*** SOURCE RECORDS Section Begins ***

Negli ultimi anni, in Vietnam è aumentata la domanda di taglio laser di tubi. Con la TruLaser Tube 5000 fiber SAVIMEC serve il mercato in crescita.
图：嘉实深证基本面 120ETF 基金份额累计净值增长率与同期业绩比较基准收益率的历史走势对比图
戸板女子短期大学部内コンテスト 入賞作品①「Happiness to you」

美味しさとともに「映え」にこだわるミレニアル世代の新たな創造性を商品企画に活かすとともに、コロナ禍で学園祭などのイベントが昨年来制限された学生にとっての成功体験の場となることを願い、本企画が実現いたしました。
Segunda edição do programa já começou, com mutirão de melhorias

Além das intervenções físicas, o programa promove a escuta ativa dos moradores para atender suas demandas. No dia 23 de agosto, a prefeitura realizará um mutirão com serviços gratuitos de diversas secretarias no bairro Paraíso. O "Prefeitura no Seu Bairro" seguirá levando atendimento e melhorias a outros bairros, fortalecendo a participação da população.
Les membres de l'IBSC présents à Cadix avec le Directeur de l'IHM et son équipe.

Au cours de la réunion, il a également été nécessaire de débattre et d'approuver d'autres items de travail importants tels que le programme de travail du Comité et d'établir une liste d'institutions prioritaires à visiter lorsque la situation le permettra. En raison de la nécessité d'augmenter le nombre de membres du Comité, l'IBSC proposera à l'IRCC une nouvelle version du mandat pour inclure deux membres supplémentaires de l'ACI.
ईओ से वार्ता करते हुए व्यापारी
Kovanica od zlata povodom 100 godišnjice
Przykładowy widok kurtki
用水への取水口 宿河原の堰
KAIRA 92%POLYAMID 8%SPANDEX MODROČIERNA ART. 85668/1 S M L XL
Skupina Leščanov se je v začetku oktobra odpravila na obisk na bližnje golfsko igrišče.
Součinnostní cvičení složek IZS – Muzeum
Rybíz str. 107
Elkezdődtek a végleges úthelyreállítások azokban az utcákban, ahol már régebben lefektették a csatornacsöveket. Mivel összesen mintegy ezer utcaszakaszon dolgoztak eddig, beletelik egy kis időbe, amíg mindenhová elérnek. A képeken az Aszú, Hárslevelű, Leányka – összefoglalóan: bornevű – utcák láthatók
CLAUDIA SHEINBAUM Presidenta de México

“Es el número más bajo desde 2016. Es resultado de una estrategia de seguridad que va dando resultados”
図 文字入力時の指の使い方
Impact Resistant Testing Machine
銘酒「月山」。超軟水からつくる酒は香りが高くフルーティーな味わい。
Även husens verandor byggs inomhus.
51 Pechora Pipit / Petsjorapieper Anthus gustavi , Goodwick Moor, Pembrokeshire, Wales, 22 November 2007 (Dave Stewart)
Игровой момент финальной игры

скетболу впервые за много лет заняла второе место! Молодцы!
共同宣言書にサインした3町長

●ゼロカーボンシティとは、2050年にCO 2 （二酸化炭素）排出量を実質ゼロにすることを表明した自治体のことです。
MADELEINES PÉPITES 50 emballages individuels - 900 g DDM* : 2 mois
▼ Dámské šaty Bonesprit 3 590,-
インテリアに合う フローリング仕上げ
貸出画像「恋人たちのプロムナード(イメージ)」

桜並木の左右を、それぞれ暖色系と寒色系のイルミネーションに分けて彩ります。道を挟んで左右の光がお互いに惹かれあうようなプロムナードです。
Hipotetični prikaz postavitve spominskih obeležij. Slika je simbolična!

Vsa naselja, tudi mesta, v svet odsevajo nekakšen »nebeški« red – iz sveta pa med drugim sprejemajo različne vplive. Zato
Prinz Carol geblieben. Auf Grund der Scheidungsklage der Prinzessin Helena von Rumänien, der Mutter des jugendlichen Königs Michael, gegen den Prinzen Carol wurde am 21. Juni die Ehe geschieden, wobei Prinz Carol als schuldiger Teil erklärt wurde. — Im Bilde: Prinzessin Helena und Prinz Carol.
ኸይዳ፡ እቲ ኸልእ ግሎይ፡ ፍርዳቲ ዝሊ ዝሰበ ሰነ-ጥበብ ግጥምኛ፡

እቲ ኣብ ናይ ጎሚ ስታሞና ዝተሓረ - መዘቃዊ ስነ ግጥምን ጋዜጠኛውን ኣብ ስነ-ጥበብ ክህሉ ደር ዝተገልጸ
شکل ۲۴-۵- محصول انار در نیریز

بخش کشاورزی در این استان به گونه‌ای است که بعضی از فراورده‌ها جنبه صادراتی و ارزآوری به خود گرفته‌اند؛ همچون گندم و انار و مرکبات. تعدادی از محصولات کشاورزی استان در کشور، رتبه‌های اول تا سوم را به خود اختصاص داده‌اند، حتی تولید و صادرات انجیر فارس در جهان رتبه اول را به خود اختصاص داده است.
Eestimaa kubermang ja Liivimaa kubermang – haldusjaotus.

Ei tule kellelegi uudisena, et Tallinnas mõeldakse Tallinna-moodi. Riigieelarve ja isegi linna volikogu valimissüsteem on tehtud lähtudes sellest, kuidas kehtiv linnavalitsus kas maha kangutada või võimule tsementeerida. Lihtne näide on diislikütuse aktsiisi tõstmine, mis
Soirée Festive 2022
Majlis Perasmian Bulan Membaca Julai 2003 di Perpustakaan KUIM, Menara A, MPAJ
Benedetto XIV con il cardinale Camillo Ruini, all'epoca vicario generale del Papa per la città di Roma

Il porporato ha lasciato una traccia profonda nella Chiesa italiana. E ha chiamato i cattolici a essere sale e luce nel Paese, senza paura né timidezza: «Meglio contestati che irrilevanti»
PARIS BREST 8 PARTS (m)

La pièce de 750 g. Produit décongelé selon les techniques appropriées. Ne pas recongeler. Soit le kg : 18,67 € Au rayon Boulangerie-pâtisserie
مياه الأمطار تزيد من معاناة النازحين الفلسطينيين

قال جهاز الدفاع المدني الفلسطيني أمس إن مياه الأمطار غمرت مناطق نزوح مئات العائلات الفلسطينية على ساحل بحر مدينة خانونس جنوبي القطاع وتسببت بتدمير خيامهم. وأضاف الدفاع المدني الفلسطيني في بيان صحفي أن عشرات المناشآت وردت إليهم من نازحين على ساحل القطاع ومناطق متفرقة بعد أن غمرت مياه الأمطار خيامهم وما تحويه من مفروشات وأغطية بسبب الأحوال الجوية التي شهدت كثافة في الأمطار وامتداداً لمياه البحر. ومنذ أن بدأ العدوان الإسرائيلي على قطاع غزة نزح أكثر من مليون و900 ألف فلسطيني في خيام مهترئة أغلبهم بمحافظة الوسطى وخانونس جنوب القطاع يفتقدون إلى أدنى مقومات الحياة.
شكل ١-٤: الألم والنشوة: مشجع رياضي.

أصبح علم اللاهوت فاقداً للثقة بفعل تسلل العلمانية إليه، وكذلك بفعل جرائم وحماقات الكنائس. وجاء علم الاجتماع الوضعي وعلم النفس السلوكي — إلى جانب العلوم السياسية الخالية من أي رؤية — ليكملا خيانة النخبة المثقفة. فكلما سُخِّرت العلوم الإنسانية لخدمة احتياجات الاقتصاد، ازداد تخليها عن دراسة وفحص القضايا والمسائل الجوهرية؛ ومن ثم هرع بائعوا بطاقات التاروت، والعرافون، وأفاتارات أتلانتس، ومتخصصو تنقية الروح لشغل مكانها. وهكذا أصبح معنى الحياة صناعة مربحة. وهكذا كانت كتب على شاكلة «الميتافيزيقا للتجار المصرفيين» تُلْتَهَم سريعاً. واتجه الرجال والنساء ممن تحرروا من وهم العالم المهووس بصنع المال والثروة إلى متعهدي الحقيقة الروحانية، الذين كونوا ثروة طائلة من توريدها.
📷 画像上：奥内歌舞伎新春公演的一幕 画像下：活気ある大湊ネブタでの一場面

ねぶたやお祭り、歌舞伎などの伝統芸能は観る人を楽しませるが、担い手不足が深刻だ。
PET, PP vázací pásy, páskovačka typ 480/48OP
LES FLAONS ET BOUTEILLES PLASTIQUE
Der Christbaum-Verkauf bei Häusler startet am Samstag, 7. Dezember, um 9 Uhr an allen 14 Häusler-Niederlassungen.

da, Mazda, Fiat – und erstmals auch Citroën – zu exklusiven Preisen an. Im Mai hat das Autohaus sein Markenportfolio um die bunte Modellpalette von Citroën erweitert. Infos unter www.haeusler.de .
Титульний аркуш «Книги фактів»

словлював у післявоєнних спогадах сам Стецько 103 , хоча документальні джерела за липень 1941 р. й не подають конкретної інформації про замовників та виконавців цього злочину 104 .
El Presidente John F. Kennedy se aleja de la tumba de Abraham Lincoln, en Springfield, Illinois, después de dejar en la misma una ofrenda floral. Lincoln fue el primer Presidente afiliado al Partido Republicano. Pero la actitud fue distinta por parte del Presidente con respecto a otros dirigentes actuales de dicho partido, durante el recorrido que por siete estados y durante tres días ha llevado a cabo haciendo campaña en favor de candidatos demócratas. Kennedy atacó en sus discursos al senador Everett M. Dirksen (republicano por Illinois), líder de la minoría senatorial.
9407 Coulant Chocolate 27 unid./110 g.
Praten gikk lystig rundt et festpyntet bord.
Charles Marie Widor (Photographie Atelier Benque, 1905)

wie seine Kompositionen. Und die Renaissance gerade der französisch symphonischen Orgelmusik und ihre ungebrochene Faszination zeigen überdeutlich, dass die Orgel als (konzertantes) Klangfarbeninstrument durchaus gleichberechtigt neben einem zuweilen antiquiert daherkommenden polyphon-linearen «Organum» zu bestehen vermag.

*** SOURCE RECORDS Section Ends ***

= ABOUT THIS TASK =
Each line of the records above, from the first through the one containing "Segunda edição do", is to be retyped exactly; no other line belongs.

= TASK RESULT =
Negli ultimi anni, in Vietnam è aumentata la domanda di taglio laser di tubi. Con la TruLaser Tube 5000 fiber SAVIMEC serve il mercato in crescita.
图：嘉实深证基本面 120ETF 基金份额累计净值增长率与同期业绩比较基准收益率的历史走势对比图
戸板女子短期大学部内コンテスト 入賞作品①「Happiness to you」

美味しさとともに「映え」にこだわるミレニアル世代の新たな創造性を商品企画に活かすとともに、コロナ禍で学園祭などのイベントが昨年来制限された学生にとっての成功体験の場となることを願い、本企画が実現いたしました。
Segunda edição do programa já começou, com mutirão de melhorias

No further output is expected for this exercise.